Why is CUFFT able to schedule so many warps, but the same is not possible with CUBLAS? Perhaps this means CUBLAS has to suffer more data latency, isn’t it?
Hi,
BLAS and FFT are two types of functions with very different profiles: generally speaking, BLAS level 3 and xGEMM are mainly compute bound, thanks to a careful reuse of data via tiling techniques; FFT however are mainly memory bound, which is a totally different matter.
Given that both BLAS and FFT libraries are crucially important for many applications and that their performance are scrutinised when evaluating the potential of a platform, you can be sure that their developers are spending hours of efforts to get the last possible percent of efficiency the hardware can offer.
So why on earth, with so different profiles, would you expect to see the same type of implementation choices for both?
GEMM is compute bound: just use as many threads as necessary to get the data and keep them busy computing
FFT is memory bound: spawn as many threads as possible to hide the data access latencies
This is sort of a caricature, but the idea is there. Having a lot of threads/warps scheduled is not a goal, it is just one of the many possible strategies to achieve your ultimate goal which is performance.

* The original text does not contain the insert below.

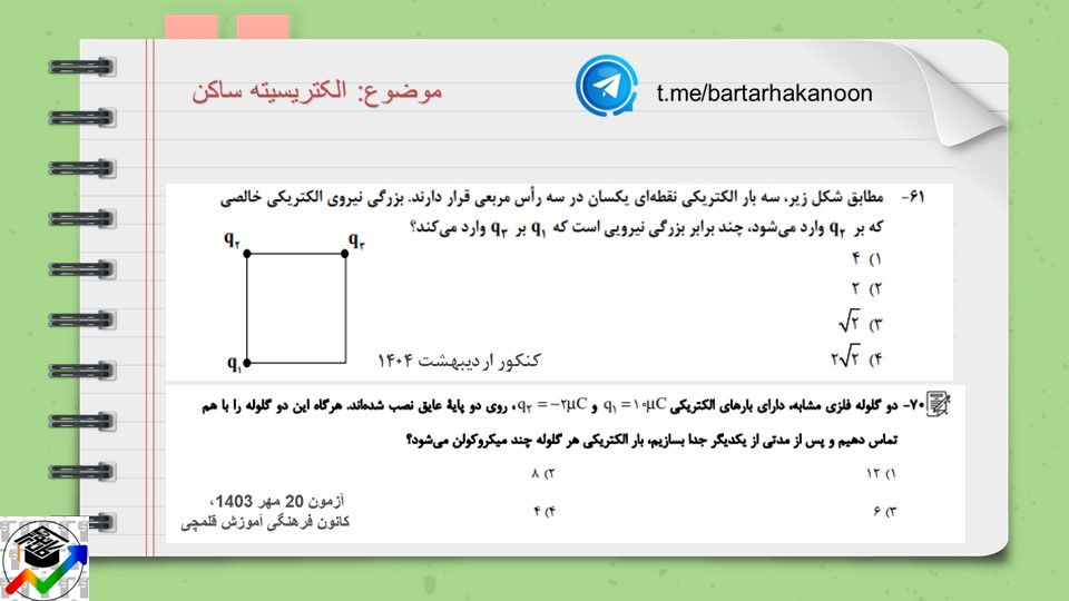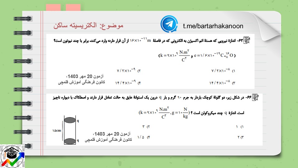1- درسنامه و نکات الکتریسیته ساکن
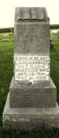 Mary Ella (Barkman) Blake died October 15, 1900, in Yale, Cass Twp., Guthrie Co., IA, at age 59. Buried in Lot 18, Yale Cemetery, Cass Twp., Guthrie Co., IA.

Thank you, I understand that they are very different, and cannot be compared. However, I have difficulties trying to completely picture the GPU under compute bound problems, and memory bound applications. I see that for DGEMM, the occupancy is 33% only, since it is compute bound, I thought more threads would be allocated since the number of instructions per thread is higher compared to FFTs. I might be misunderstanding something, if possible please explain or point me to some document?